Heng’s studio is tucked away down a quiet, upmarket residential street in the Telok Kurau neighborhood, a 15-minute drive from central Singapore. She moved here in 1997 when the National Arts Council (NAC) converted a former elementary school into studios. Cooled by a gentle but constant breeze in spite of the sweltering May heat and humidity, Heng reflects on her two-decade career, leafing through ring binders full of photographs of past performances. With a retrospective at the Singapore Art Museum (SAM) planned for October 2011, she is currently organizing the documentation of her early work, a difficult task since many of the images are stored on now-antiquated floppy disk and video formats, and some cassettes have decayed with age, their information trapped inside. Heng and the museum’s curators are working with restoration specialists to retrieve the footage.

Though Heng has participated in many international biennials and performance festivals, the SAM exhibition will be her first solo show. “It’s a contradictory position to be in because my art has always been collaborative,” she says. “In Singapore, the public tends to see art as something exclusive, created by geniuses. I don’t usually do solo shows because my practice engages people who are not in the arts. I don’t want to be an isolated figure.”

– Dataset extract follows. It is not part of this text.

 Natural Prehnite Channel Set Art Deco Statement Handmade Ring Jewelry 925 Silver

Performance art is only just emerging from its taboo status in Singapore. Following a 1994 performance by Josef Ng in which he snipped his pubic hair at the Parkway Parade Shopping Centre, the NAC suspended all funding for performance art. The ban was lifted in 2003. “When I moved into this space, I had to sign an agreement that I would not use it for performance,” Heng says. Undeterred, in 1999 she formed the collective Women in the Arts, using her studio as a venue for performances and other media. “We gathered here every month. It was our informal education about women’s issues—topics that weren’t discussed in art schools at the time.”

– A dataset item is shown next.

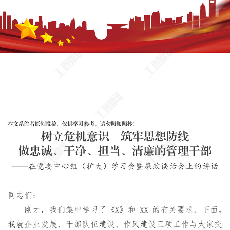 工圖網(wǎng)提供樹立危機意識筑牢思想防線做忠誠干凈擔當清廉的管理干部供會員免費下載。更多精彩黨課PPT素材,盡在工圖網(wǎng)。

Since 1999, and in numerous countries, Heng has staged “Let’s Walk,” street performances in which she and members of the public hold high-heeled shoes in their mouths and walk backward using handheld mirrors to guide themselves. The work was partly a response to the 1997 Asian Financial Crisis. “Many businesses were suffering, but the beauty industry made a lot of money. When companies downsize, the female employees are the first to be fired. A lot of Singaporean women were ‘upgrading’ themselves, going to beauty salons, having plastic surgery and so on to keep their jobs. A woman’s looks are still worth more than her abilities.”

Before leaving, I noticed a wooden-framed photograph of Heng and her mother propped up against the wall, part of a 1996 series in which the artist explored and documented a rapprochement with her mother. Unusual patches of discoloration and corrosion snake around the edges of the print. Heng laughs as she explains: “I was away in Germany for a few weeks in the mid-1990s, and when I came back, I discovered that termites had attacked it! But what they did to this print is quite beautiful. They’re my natural collaborators!” Heng returns to the ring binders—there is more archival work to be done. A gentle but resilient figure, she is quietly focused on how best to reach out to her audience next year.